1. Overview and Guiding Principles
The University of Michigan has legal, contractual, and ethical obligations to protect the confidentiality, integrity, and availability of its systems and data. This policy strikes a balance between protecting university systems and data, maintaining the open environment that enables faculty, staff, and students to excel, innovate, and collaborate across the world, and ensuring that U-M core missions and institutional priorities remain paramount. The university promotes and supports an institutional culture that elevates its overall information security posture by following these principles: :
- One Information Assurance Program. The university will establish and maintain a comprehensive, institution-wide information assurance and cybersecurity risk management framework and program.
- Protection of Data and Information Assets. The university will optimize its ability to protect institutional data, systems, resources, and services from unauthorized access and other threats or attacks that could potentially result in harm to the university or to members of the university community.

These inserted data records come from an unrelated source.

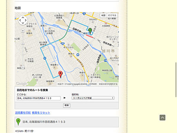 現在地から目的地までのルートを表示したところ。みんビズの編集画面で、「地図の高さ 400」という部分のすぐ左側のボタン(コンパスのボタン)をオンにすることで、ルート表示機能が有効になる(初期状態ではオンです)。
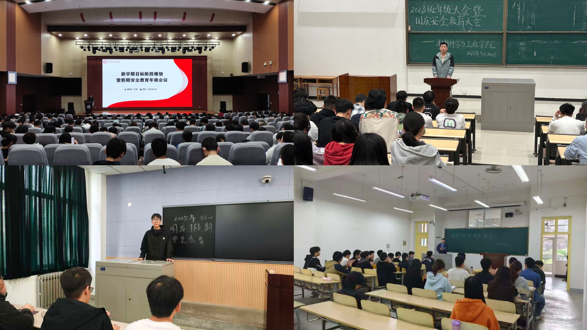 为切实做好中秋国庆假期学生安全教育工作,引导学生度过平安、充实、祥和的假期,9月23日至28日,材料科学与工程学院各年级召开了中秋国庆假期安全教育大会,会议由各年级辅导员主持,全体学生参加会议。
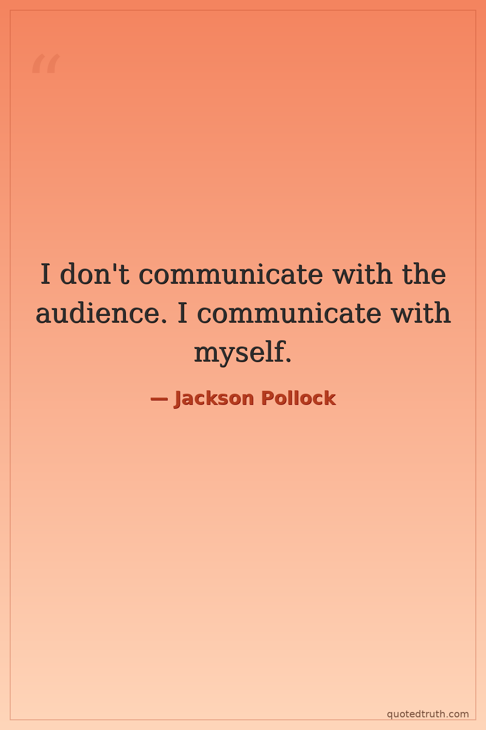 I don't communicate with the audience. I communicate with myself.
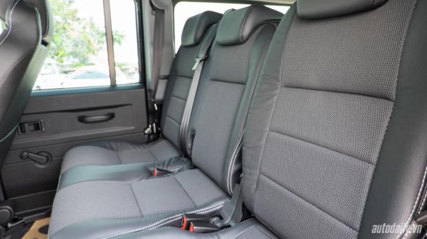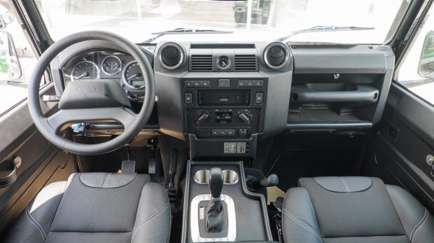 Bên trong, nội thất đi theo hướng tối giản. Vô lăng không có bất cứ nút bấm nào, điều hòa một vùng cùng ghế ngồi bọc da và nỉ. Thậm chí, cửa kính hàng ghế thứ 2 vẫn phải mở bằng cách quay thủ công. Hàng ghế thứ 3 chỉ có thể tiếp cận từ phía cửa cốp thay vì gập hàng ghế thứ 2 như thông thường. Xe có sưởi kính, đồng hồ analog ở trung tâm, cần gài cầu và 2 cửa sổ trời nhỏ. Dòng ‘1948-2015’ được khắc chìm ở cụm đồng hồ. Sự đơn giản của Defender 1948-2015 X-Spec Edition là bởi đây là dòng xe chuyên off-road, nên mọi thứ đều phải dễ dàng sửa chữa hoặc thay thế.
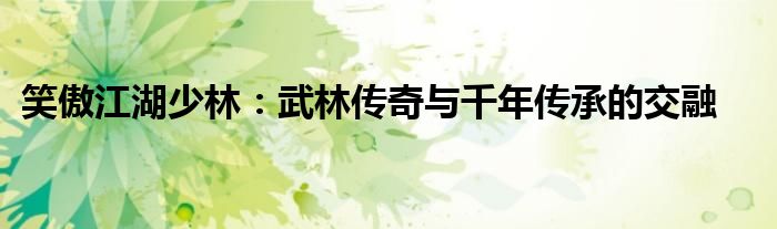 总之,“笑傲江湖少林”这一主题展现出了传奇与现实、历史与文化的交融之美。通过探讨这一主题,我们可以更深入地了解中华武林的博大精深和传统文化的深厚底蕴。
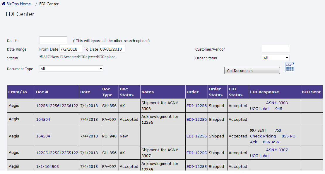 In EDI Center, user can see which EDI Orders have been fulfilled and which have not. When a Purchase Order (PO) comes in to BizOps, BizOps converts that to an Order and assigns an order number. The incoming PO number is stored in the Doc # column.
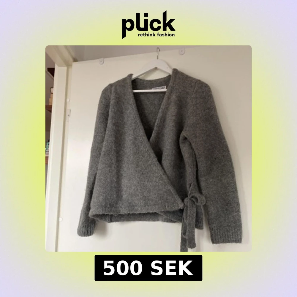 Säljer en mysig grå omlottkofta från Design by Amor. Koftan har långa ärmar och ett knytband i midjan för en justerbar passform. Perfekt för kyliga dagar och ger en stilren look. Passar bra till både jeans och kjol.
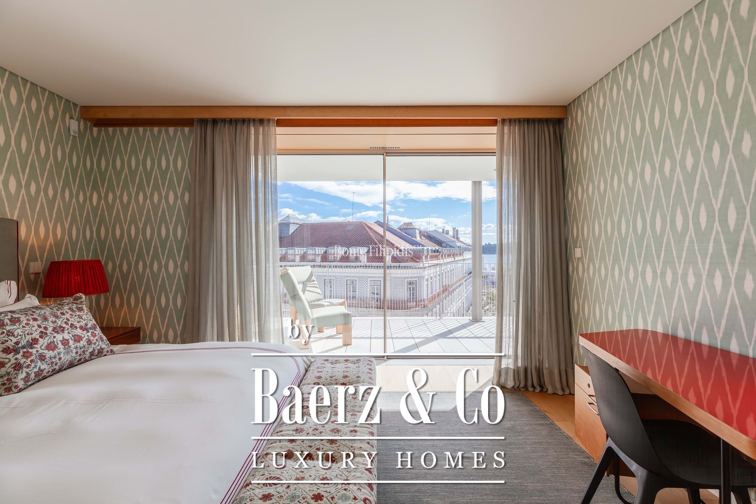 Apartment Estrela Lisbon is set in the creative enclave of Santos, known for its energy and riverside allure. This four-bedroom residence offers 248 m² of living space, where refined design and light are constant companions. A 46 m² private terrace, oriented south, connects interior and exterior, framing panoramic views of the Rio Tejo, Cristo Rei, and Largo de Santos, and offering sunlight throughout the day.
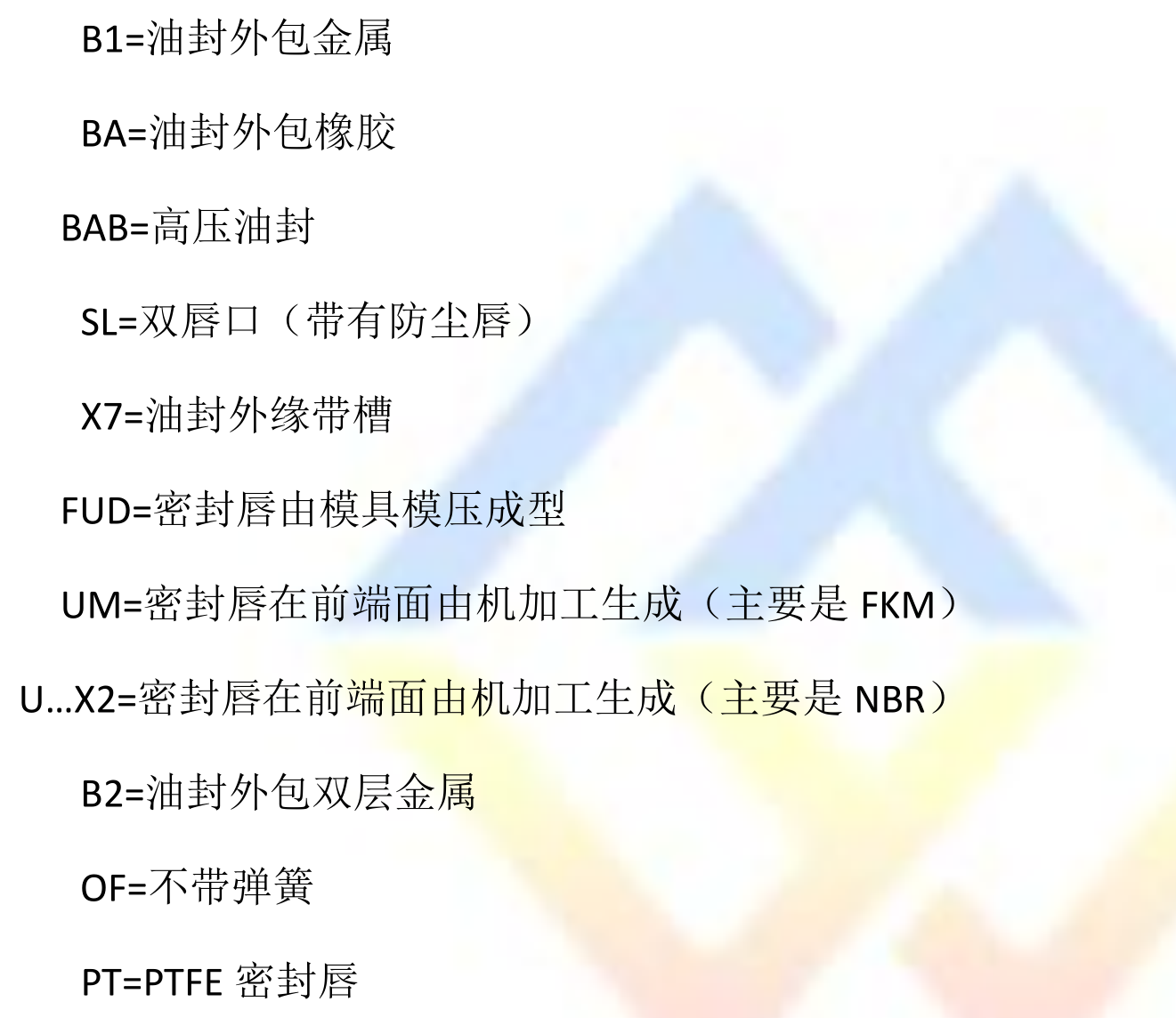 SIMRIT 油封類型標(biāo)識中代碼含義
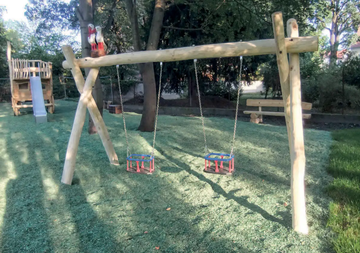 Portique 2 nacelles bébé.Matériaux: robinier écorcé sans aubier - sièges caoutchouc - chaînes acier inoxydable.Coloris (option lasuré) : peinture à base d'eau.Assemblage : type A2 avec tiges filetées, boulonneries autobloquantes en acier inoxydable et capuchons de protection.Dimensions données à titre indicatif: le design des équipements de jeux est basé sur les formes naturelles des branches, de leurs fourches et de leurs ramifications.Construction spécifique personnalisable: tranche d'âge et hauteur de chute peuvent évoluer selon les aménagements demandés
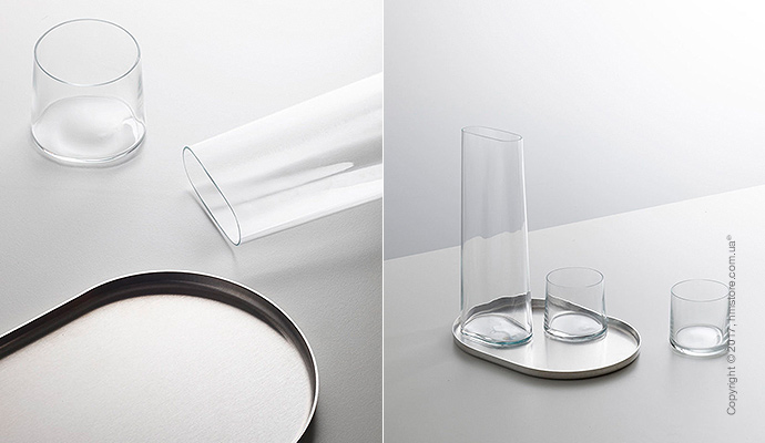 «Dual» – это набор из графина и стакана, созданный дизайнерским дуэтом «Relvão Kellermann». Графин отличается асимметричной формой, позволяющей более удобно наливать напитки в стакан.

- Shared Responsibility. Members of the university community have individual and shared responsibilities to protect the university’s information assets and comply with applicable laws, regulations, and policies.
- Regulatory Compliance. U-M will comply with federal, state, and local law, university policies, and contracts and agreements that require the university to implement security safeguards in as cost-effective manner as possible.
- Secure U-M IT Services. U-M will seek to maximize the use of secure and compliant university-provided services that are readily and affordably accessible to faculty, researchers, clinicians, and staff.
- Education and Awareness. The university and units have an obligation to educate, inform, and enable U-M community members to use information in a secure and compliant manner. Pr.
This policy is platform and technology neutral. It applies to the the Ann Arbor campus, Michigan Medicine, UM-Dearborn, UM-Flint, all affiliates, and all faculty, staff, workforce members, sponsored affiliates. It also encompasses:
- All institutional data, including administrative, teaching and learning, clinical, and research. Institutional data is defined as any data that is owned, licensed by, or under the direct control of the university, whether stored locally or with a cloud provider.
- Third-party vendors who collect, process, share, or maintain university institutional data, whether managed or hosted internally or externally.
- Personally owned devices of members of the U-M community that access or maintain sensitive institutional data classified as Restricted or High.
All institutional data must be protected in accordance with the provisions below, which take into consideration the level of sensitivity and criticality that the data has to U-M.
- Risk Management: The university maintains a risk-management framework which requires periodic risk assessments of systems and applications that maintain sensitive institutional data.
- Risk Acceptance: U-M executive officers exercise authority to accept information security and privacy related risks to the university’s information assets. U-M units and individuals may not unilaterally accept information security, privacy, and compliance risks that have the potential to increase the university’s vulnerability to cyber risks.
- Privacy Review: The U-M Privacy Officer will coordinate any review of the privacy or civil liberties implications and risks of the university’s information assurance program, and its information security technologies or activities to minimize or mitigate such risks.
4. Supplemental IT Standards
This information security policy is supported and supplemented by specific operational, procedural, and technical standards. These Standards are mandatory and are enforced in the same manner as this policy.
This policy recognizes the need to accommodate unique research, teaching, and clinical needs that may not be practicable to accomplish through the use of U-M IT services provided by the major institutional IT providers. In those cases, it is the the responsibility of the unit or user to adhere to the appropriate information security requirements as outlined in this policy and the supplemental Standards.
5. Oversight and Enforcement
The Office of the Chief Information Security Officer (CISO) is responsible for the development, implementation, monitoring, and enforcement of the university’s information security program. Other university staff perform essential information security and cybersecurity risk management functions contributing to program implementation and regulatory compliance.
The CISO will periodically present an update on the status of the university information assurance program to U-M IT governance bodies, executive officers, and the Board of Regents.
6. Violations and Sanctions
Violations of this policy may result in disciplinary action up to and including suspension or revocation of computer accounts and access to networks, non-reappointment, discharge, dismissal, and/or legal action. In addition, the connectivity of machines and servers to the U-M network that do not comply with this policy or its associated Standards may be limited or removed.
Any U-M department or unit found to have violated this policy may be held accountable for the financial penalties, legal fees, and other remediation costs associated with a resulting information security incident and other regulatory non-compliance.